WellPoint, which paid Susan Bayh almost $335,000 last year, is the biggest U.S. health-insurance company by membership as Obama's campaign promises to push for universal health-care coverage. WellPoint spent $890,000 lobbying Congress and the Bush administration in the three months ended June 30, according to disclosure forms.
A former lawyer for Eli Lilly & Co., Susan Bayh is a director at four publicly traded biopharmaceutical companies: Curis Inc., Dendreon Corp., Dyax Corp., and MDRNA Inc.

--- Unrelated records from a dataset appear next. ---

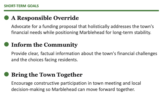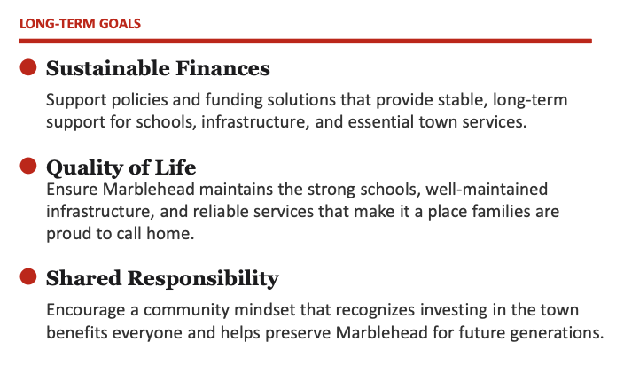 For Marblehead works to ensure our town has the schools, services, and infrastructure that make it a place we are proud to call home. We advocate for sustainable funding, responsible policies, good governance, and a civic culture that brings the community together to support Marblehead's future.
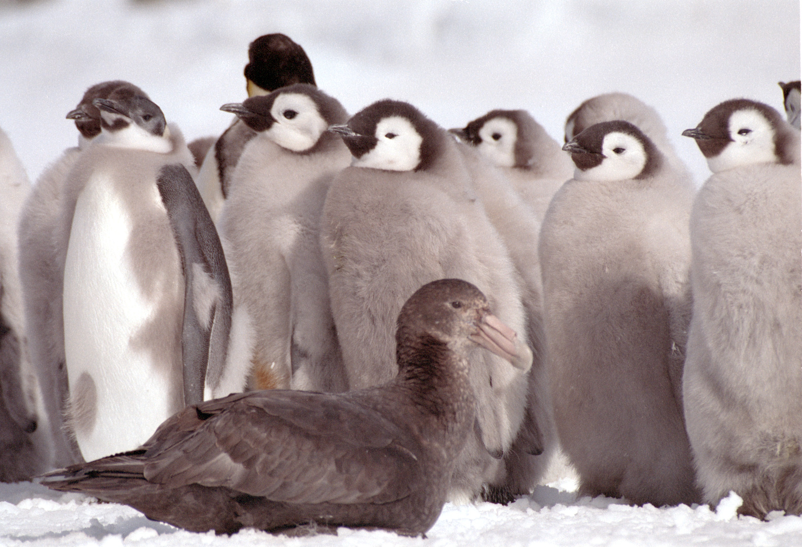 - '''남극슴새''': 주로 죽은 새끼를 먹는다. 살아있는 새끼는 이들이 군집에 도착하는 시점에는 이미 너무 커서 공격하기 어렵기 때문이다.[64]
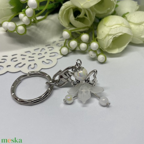 Angyalka kulcstartó gyöngyökkel karácsonyi ajándék
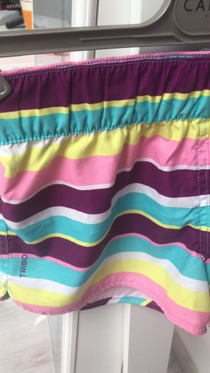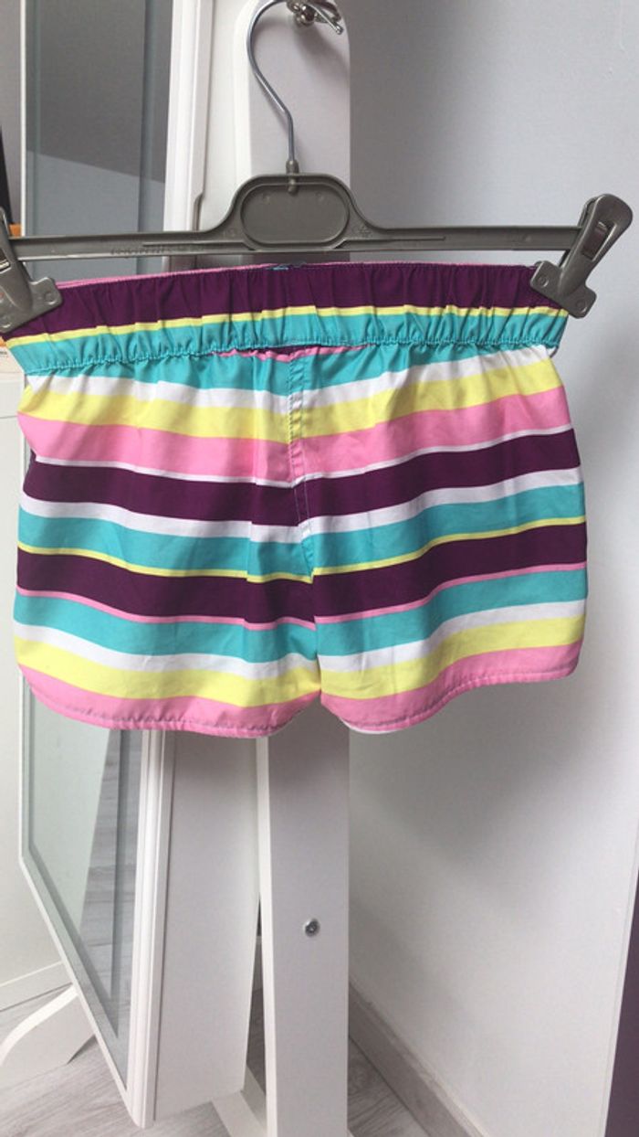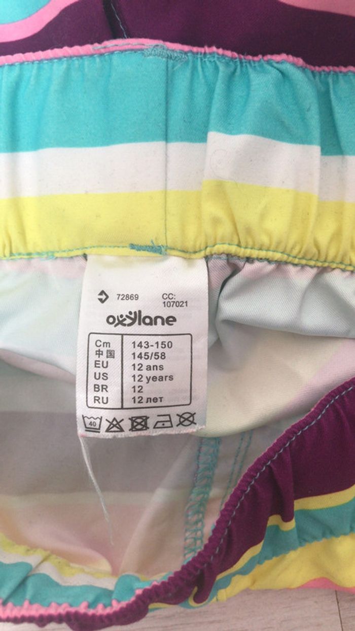 Short de bain rayé Oxylane de couleurs violet,rose,jaune,blanc et bleu turquoise avec élastique à la taille, pour du 12 ans , en bon état

Earlier this year, she left the board of closely held Golden State Foods, one of McDonald's Corp.'s biggest suppliers, and became a company adviser.
At Emmis, which owns almost two dozen radio stations, one of the company's biggest investors last month questioned Susan Bayh's effectiveness because of her family's friendship with Emmis founder and Chief Executive Officer Jeffrey Smulyan.
Independence Questions
``The well-chronicled personal relationship that Ms. Bayh and her husband have with the Emmis CEO might logically raise legitimate questions about the extent of Ms. Bayh's independence,'' Martin Capital senior partner Frank Martin wrote in a letter filed with the Securities and Exchange Commission. Martin's filing said his firm owns 9.7 percent of Emmis Class A stock, which has fallen 65 percent in the past year.
Susan Bayh's longest board tenure is at Emmis, where she became a director in 1994, when Evan Bayh was governor. Smulyan said he recruited her because she was well known in the business community and had corporate governance experience.
``I thought Susan would be helpful,'' Smulyan said. ``Independent of being the governor's wife, I think she had pretty good insights.'' Martin is the only shareholder who's complained about Bayh, Smulyan said.
Emmis lost money on Evan Bayh's 2003 autobiography, ``From Father to Son: A Private Life in the Public Eye,'' company spokeswoman Kate Snedeker said. Bayh gave the $4,105 of book royalties to the Evan and Susan Bayh Family Foundation.
Book Deal
The book deal creates the appearance of ``a favor being done for the candidate by the company that his wife is on the board of,'' Buzenberg said.
Smulyan said Emmis published the memoir with expectation of making a profit. Kleiman, Bayh's spokesman, said the deal involved ``a standard book contract that was approved by the Senate Ethics Committee.''
WellPoint is among six companies joining Indiana University and Purdue University in the Indiana Clinical and Translational Sciences Institute, which got a five-year NIH grant. When Bayh's office announced the grant on May 29, it said the senator wrote NIH to support the application.
Anantha Shekhar, the institute's director, said that while Evan Bayh ``certainly helped us,'' Susan Bayh had nothing to do with the grant. ``Until you brought it up, I wasn't even thinking about Susan Bayh and the WellPoint connection,'' Shekhar said.